Extract comprehensive metadata during conversion: title, description, headers, links, images, structured data (JSON-LD, Microdata, RDFa). Use cases: SEO extraction, table-of-contents generation, link validation, accessibility auditing, content migration.

**[Metadata Extraction Guide →](./examples/metadata-extraction/)**

</details>

<details>
<summary><strong>Visitor Pattern</strong></summary>

Customize HTML→Markdown conversion with callbacks for specific elements. Intercept links, images, headings, lists, and more. Use cases: domain-specific Markdown dialects (Obsidian, Notion), content filtering, URL rewriting, accessibility validation, analytics.

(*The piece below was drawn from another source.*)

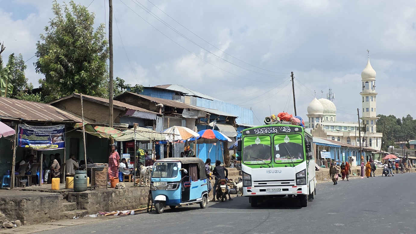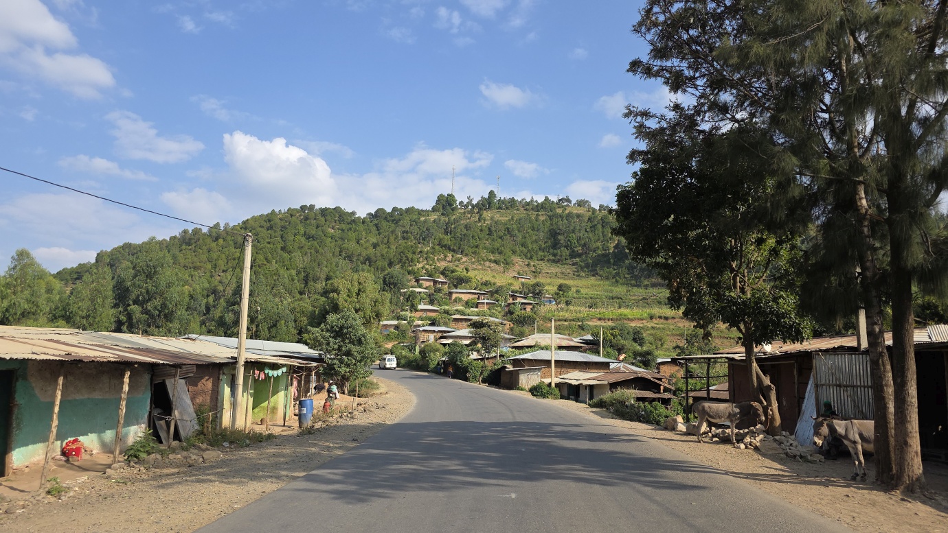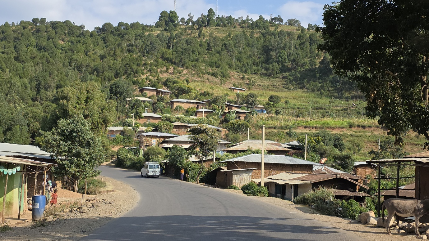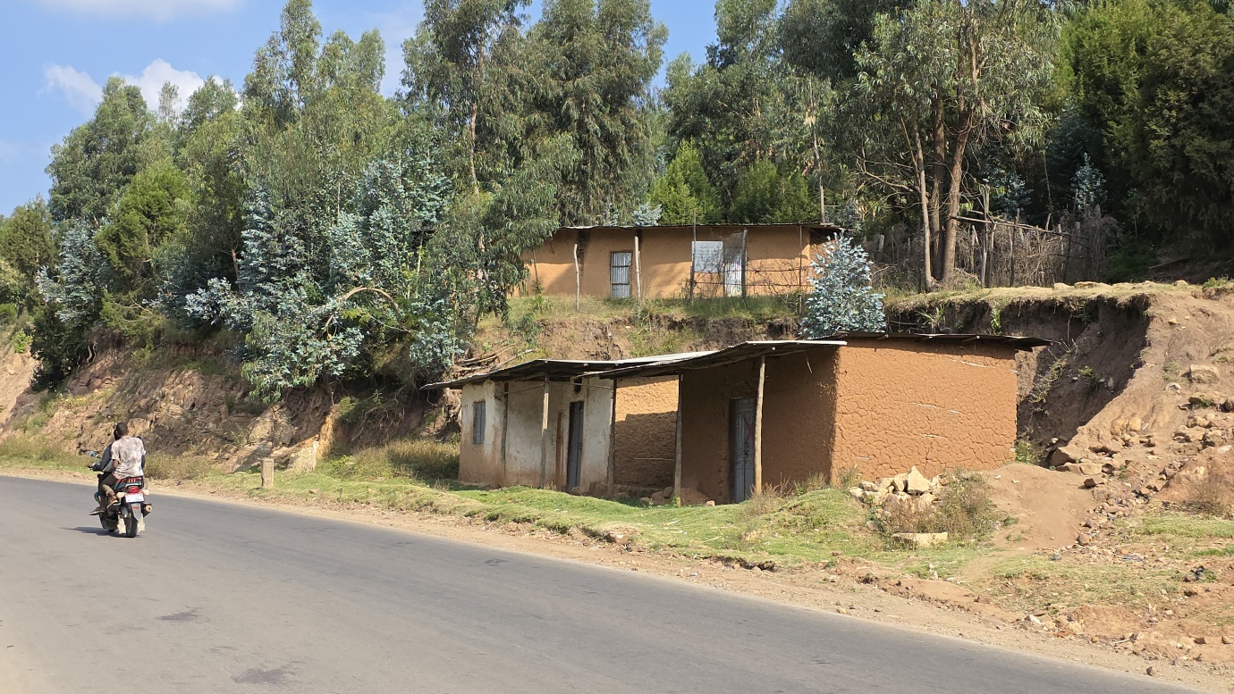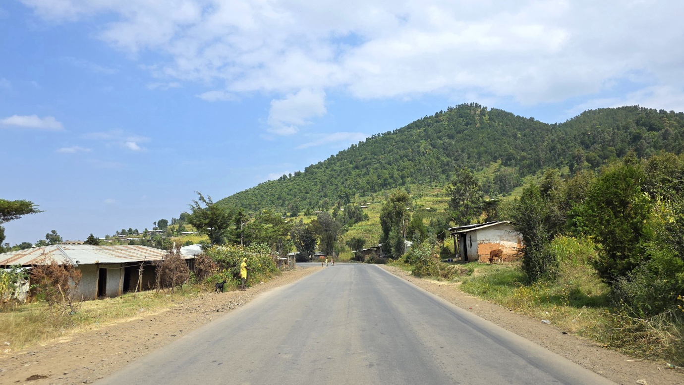 The road from Chiro to Harar offers a mixed landscape with some beautiful scenery, but it is also marked by rough, chaotic traffic in the smaller towns along the way. The tarmac was good, with a few short, damaged sections, so driving through the Ethiopian Highlands was not so bad, with gradually increasing altitude to nearly 2,700 meters above sea level. We made a few photo stops at possible viewpoints and in small villages. We also got an invitation to see the local house after the wedding, where the whole family was relaxed after chewing khat.

**[Visitor Pattern Guide →](./examples/visitor-pattern/)**

</details>

<details>
<summary><strong>Performance & Benchmarking</strong></summary>

Rust-powered core delivers 150–280 MB/s throughput (10-80× faster than pure Python alternatives). Includes benchmarking tools, memory profiling, streaming strategies, and optimization tips.

**[Performance Guide →](./examples/performance/)**

</details>

<details>
<summary><strong>Tag Preservation</strong></summary>

Keep specific HTML tags unconverted when Markdown isn't expressive enough. Useful for tables, SVG, custom elements, or when you need mixed HTML/Markdown output.

See language-specific documentation for `preserveTags` configuration.

</details>

<details>
<summary><strong>Secure by Default</strong></summary>

Built-in HTML sanitization prevents XSS attacks and malicious content. Powered by ammonia with safe defaults. Configurable via `sanitize` options.

</details>

## Contributing

Contributions are welcome! See [CONTRIBUTING.md](CONTRIBUTING.md) for guidelines on:

- Setting up the development environment
- Running tests locally (Rust 95%+ coverage, language bindings 80%+)
- Submitting pull requests
- Reporting issues

All contributions must follow code quality standards enforced via pre-commit hooks (prek).

## License

MIT License – see [LICENSE](LICENSE) for details. You can use html-to-markdown freely in both commercial and closed-source products with no obligations, no viral effects, and no licensing restrictions.